Everything from the line with "Photo : Le podium" down to the line with "Add the rest" below must be printed exactly, those two lines included. Exclude pictures.
Provided entries Start Marker
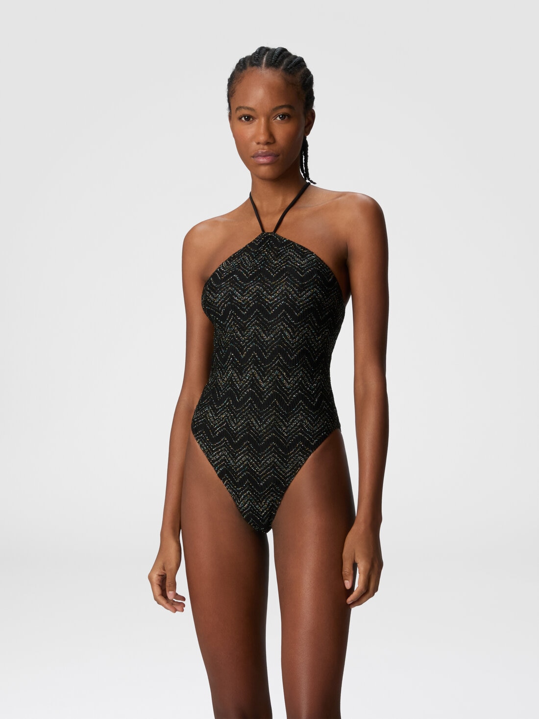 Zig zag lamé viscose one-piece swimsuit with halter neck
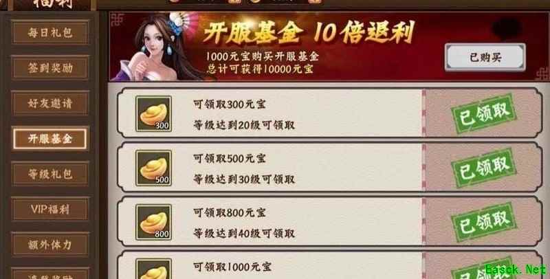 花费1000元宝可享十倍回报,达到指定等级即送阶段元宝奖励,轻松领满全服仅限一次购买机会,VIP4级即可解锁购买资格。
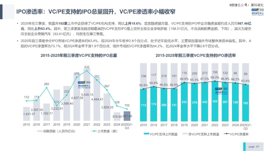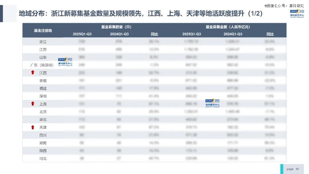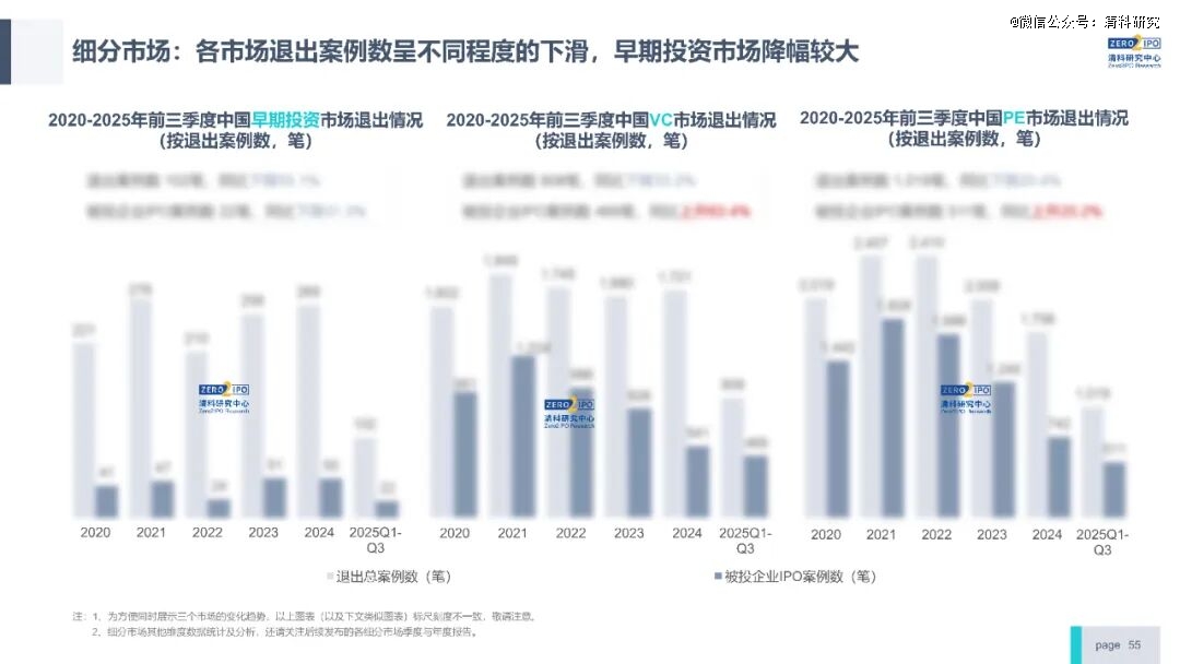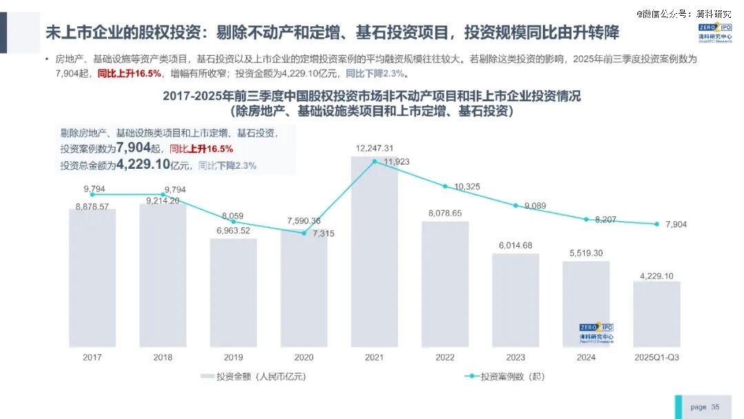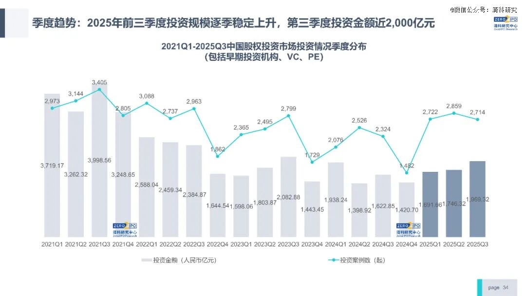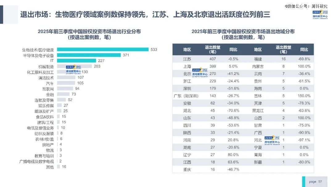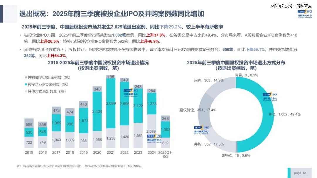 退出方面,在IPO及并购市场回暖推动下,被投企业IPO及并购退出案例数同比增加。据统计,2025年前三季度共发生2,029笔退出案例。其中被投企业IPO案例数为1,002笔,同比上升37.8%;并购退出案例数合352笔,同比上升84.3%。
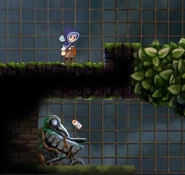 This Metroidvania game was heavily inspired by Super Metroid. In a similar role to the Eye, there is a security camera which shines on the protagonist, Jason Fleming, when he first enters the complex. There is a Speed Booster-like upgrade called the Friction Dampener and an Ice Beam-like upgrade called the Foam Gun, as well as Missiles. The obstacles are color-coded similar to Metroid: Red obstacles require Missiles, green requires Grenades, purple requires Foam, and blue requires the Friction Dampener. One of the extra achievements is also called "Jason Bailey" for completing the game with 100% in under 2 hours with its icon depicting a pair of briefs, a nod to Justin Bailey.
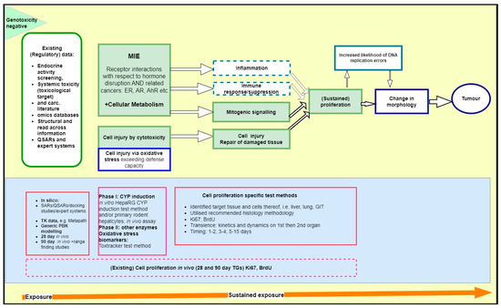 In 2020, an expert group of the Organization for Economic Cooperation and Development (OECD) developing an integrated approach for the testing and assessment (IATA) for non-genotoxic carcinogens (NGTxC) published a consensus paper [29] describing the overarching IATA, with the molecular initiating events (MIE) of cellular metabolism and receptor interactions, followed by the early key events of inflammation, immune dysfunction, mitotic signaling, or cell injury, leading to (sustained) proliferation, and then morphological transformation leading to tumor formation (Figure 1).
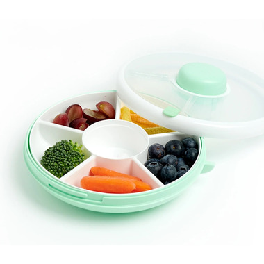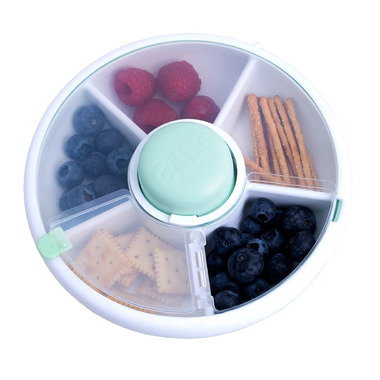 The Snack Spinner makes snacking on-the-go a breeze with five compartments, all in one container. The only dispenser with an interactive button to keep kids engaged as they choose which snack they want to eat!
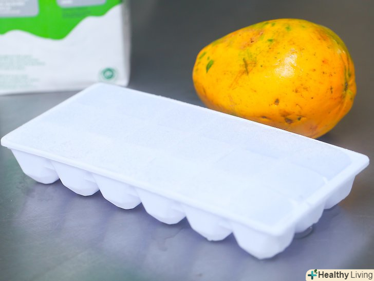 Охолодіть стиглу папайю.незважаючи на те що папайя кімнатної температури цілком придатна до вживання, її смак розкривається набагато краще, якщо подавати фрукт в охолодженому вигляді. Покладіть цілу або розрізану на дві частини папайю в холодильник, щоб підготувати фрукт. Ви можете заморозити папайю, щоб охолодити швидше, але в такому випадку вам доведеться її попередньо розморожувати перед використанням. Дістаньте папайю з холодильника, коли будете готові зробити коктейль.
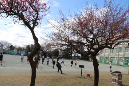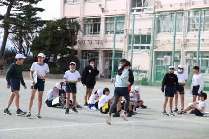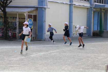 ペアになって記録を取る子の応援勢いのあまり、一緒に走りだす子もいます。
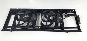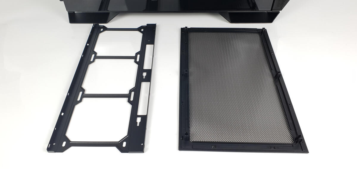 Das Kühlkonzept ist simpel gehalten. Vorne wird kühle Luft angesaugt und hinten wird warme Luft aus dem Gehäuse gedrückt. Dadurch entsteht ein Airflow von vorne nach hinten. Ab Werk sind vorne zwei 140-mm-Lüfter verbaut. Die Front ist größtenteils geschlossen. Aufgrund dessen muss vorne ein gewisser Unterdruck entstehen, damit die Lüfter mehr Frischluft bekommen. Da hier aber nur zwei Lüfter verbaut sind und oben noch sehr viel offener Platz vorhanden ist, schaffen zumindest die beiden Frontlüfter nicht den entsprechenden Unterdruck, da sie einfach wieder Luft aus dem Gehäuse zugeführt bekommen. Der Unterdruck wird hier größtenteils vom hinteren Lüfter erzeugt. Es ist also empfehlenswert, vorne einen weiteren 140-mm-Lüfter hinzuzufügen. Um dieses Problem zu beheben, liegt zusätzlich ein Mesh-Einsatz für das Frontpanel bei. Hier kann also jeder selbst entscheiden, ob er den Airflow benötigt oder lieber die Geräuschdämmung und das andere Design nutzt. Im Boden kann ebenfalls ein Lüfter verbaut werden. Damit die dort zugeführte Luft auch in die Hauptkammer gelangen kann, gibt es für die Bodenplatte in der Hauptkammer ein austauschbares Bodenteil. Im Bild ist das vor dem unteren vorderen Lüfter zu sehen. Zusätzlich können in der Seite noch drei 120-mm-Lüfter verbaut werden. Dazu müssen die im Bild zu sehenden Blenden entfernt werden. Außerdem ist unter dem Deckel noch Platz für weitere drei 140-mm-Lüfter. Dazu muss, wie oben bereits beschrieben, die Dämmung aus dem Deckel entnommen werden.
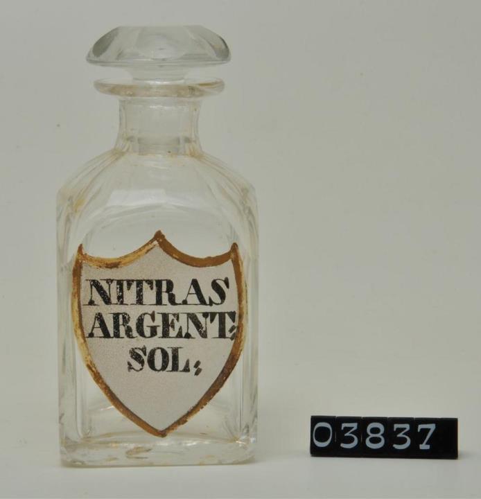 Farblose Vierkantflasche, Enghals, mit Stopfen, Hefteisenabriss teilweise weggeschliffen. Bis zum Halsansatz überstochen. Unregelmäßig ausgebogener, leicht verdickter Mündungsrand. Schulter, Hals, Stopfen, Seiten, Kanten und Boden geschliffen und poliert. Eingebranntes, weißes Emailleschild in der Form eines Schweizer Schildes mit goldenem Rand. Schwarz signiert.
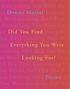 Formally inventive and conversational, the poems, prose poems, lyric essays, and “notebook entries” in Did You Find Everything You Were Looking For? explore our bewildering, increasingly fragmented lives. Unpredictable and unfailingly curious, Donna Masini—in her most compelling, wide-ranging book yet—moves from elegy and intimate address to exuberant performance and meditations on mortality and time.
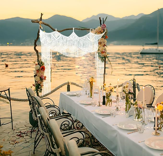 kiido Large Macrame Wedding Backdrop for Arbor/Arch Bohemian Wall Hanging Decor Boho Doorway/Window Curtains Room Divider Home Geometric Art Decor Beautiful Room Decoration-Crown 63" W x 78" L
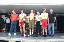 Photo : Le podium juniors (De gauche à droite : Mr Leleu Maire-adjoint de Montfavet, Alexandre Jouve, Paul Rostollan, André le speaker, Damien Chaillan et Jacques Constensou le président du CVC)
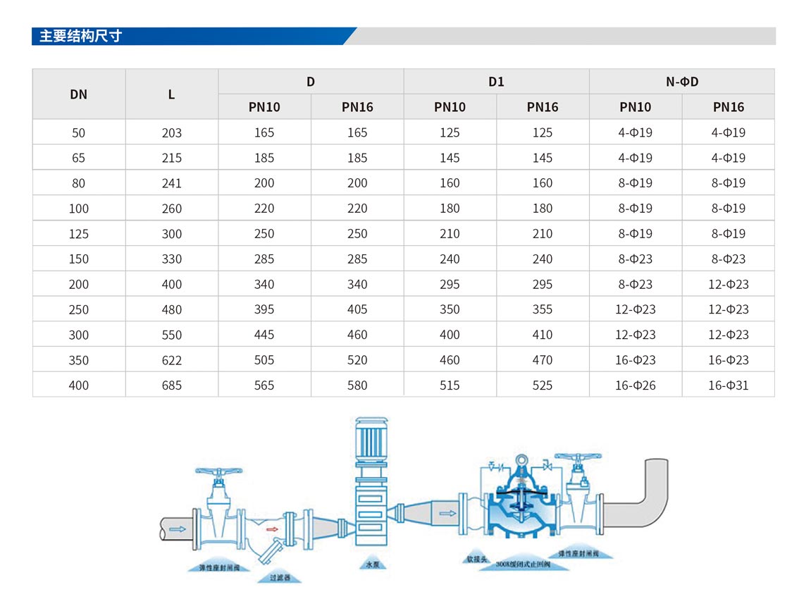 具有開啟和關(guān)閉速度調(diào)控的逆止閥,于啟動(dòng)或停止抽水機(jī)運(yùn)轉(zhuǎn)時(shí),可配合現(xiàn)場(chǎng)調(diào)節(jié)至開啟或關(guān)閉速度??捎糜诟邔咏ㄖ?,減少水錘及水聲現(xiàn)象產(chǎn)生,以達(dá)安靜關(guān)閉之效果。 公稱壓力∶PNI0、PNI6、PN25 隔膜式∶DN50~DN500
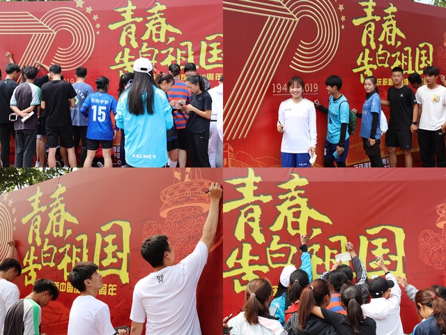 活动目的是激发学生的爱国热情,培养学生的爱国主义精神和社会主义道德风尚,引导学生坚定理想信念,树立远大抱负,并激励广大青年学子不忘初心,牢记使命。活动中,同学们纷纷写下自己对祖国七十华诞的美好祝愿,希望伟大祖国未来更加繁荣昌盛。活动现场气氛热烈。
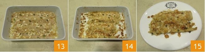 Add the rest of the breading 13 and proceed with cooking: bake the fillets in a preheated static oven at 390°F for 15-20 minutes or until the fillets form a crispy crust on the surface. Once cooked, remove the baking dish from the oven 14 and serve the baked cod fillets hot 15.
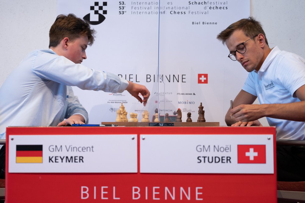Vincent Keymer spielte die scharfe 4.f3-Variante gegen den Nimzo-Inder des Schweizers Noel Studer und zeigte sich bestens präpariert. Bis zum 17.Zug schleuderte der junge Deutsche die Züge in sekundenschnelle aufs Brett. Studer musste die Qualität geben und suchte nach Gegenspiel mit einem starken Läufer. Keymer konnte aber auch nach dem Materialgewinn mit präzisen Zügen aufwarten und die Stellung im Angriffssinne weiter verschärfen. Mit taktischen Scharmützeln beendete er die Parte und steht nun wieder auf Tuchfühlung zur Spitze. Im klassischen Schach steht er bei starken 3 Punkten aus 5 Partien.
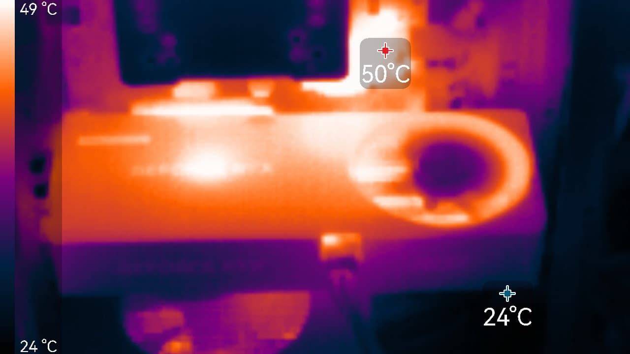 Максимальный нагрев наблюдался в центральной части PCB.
Provided entries End Marker
**Exercise output:**
 Photo : Le podium juniors (De gauche à droite : Mr Leleu Maire-adjoint de Montfavet, Alexandre Jouve, Paul Rostollan, André le speaker, Damien Chaillan et Jacques Constensou le président du CVC)
 具有開啟和關(guān)閉速度調(diào)控的逆止閥,于啟動(dòng)或停止抽水機(jī)運(yùn)轉(zhuǎn)時(shí),可配合現(xiàn)場(chǎng)調(diào)節(jié)至開啟或關(guān)閉速度??捎糜诟邔咏ㄖ?,減少水錘及水聲現(xiàn)象產(chǎn)生,以達(dá)安靜關(guān)閉之效果。 公稱壓力∶PNI0、PNI6、PN25 隔膜式∶DN50~DN500
 活动目的是激发学生的爱国热情,培养学生的爱国主义精神和社会主义道德风尚,引导学生坚定理想信念,树立远大抱负,并激励广大青年学子不忘初心,牢记使命。活动中,同学们纷纷写下自己对祖国七十华诞的美好祝愿,希望伟大祖国未来更加繁荣昌盛。活动现场气氛热烈。
 Add the rest of the breading 13 and proceed with cooking: bake the fillets in a preheated static oven at 390°F for 15-20 minutes or until the fillets form a crispy crust on the surface. Once cooked, remove the baking dish from the oven 14 and serve the baked cod fillets hot 15.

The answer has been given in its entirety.